Tuition fees were meant to pit teachers and learners against each other. Instead, they have bound them together in solidarity
The most interesting thing in a damning report often doesn’t end up as its talking point. Damnation is so fun, it’s hard to prioritise. So when the Commissioner for Public Appointments looked into the selection criteria for the board of the Office for Students, all the fireworks focused on Toby Young. Pugnacious in the noughties but curiously sensitive this decade, upset by mere mention of the anal sex jokes that only a short time ago were his stock in trade, Young was the beneficiary of a process that we could have all hazarded a guess at, but now have on paper: Jo Johnson, the universities minister, told him to apply. Justine Greening’s objections were overruled.
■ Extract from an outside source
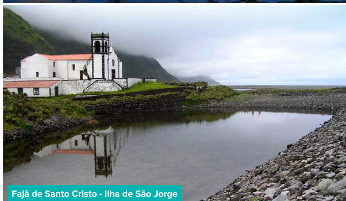
Fajã de Santo Cristo - Ilha de São Jorge

Após o pequeno almoço, embarque no ferry com destino à ILHA DE SÃO JORGE . Chegada, desembarque, seguido de excursão de visita à Ilha das Fajãs (manifestações únicas da natureza vulcânica dos Açores) pela Vila das Velas , Uzelina (admiremos a sua Torre sobrevivente à erupção vulcânica de 1808 e porto da laranja), Ribeira do Nabo (centro artesanal da ilha), Manadas, Vila da Calheta . Miradouro sobre impressionante falésias e as Fajãs de Santo Cristo e dos Cubres . Durante o percurso, terá lugar o almoço , bem como a visita a uma fábrica do conhecido queijo de São Jorge . Visita ao Parque Florestal das Sete Pontes , chegados à Vila das Velas , passeio a pé de visita ao jardim Público e Igreja Matriz de São Jorge . Jantar local. Depois o regresso no ferry ao hotel no Faial. Alojamento.

The other candidates were discounted by a process with “serious shortcomings in fairness and transparency”. As if by magic, the least-suited person was suddenly the best imaginable, like Ivanka Trump in South Korea, or Tom Hanks in Big.
Less was said about the panel’s decision on its choice of a student representative: in the selection process, it explicitly excluded anyone who had been involved with the National Union of Students. Nothing about this blacklist appeared in the advert for candidates, of course, because it would have made them look crazy; what kind of Office for Students discounts anyone who has shown an interest in the collective lot of students? Yet secret criteria aren’t a great look, either, signifying something in the region of bottomless distrust of the student body.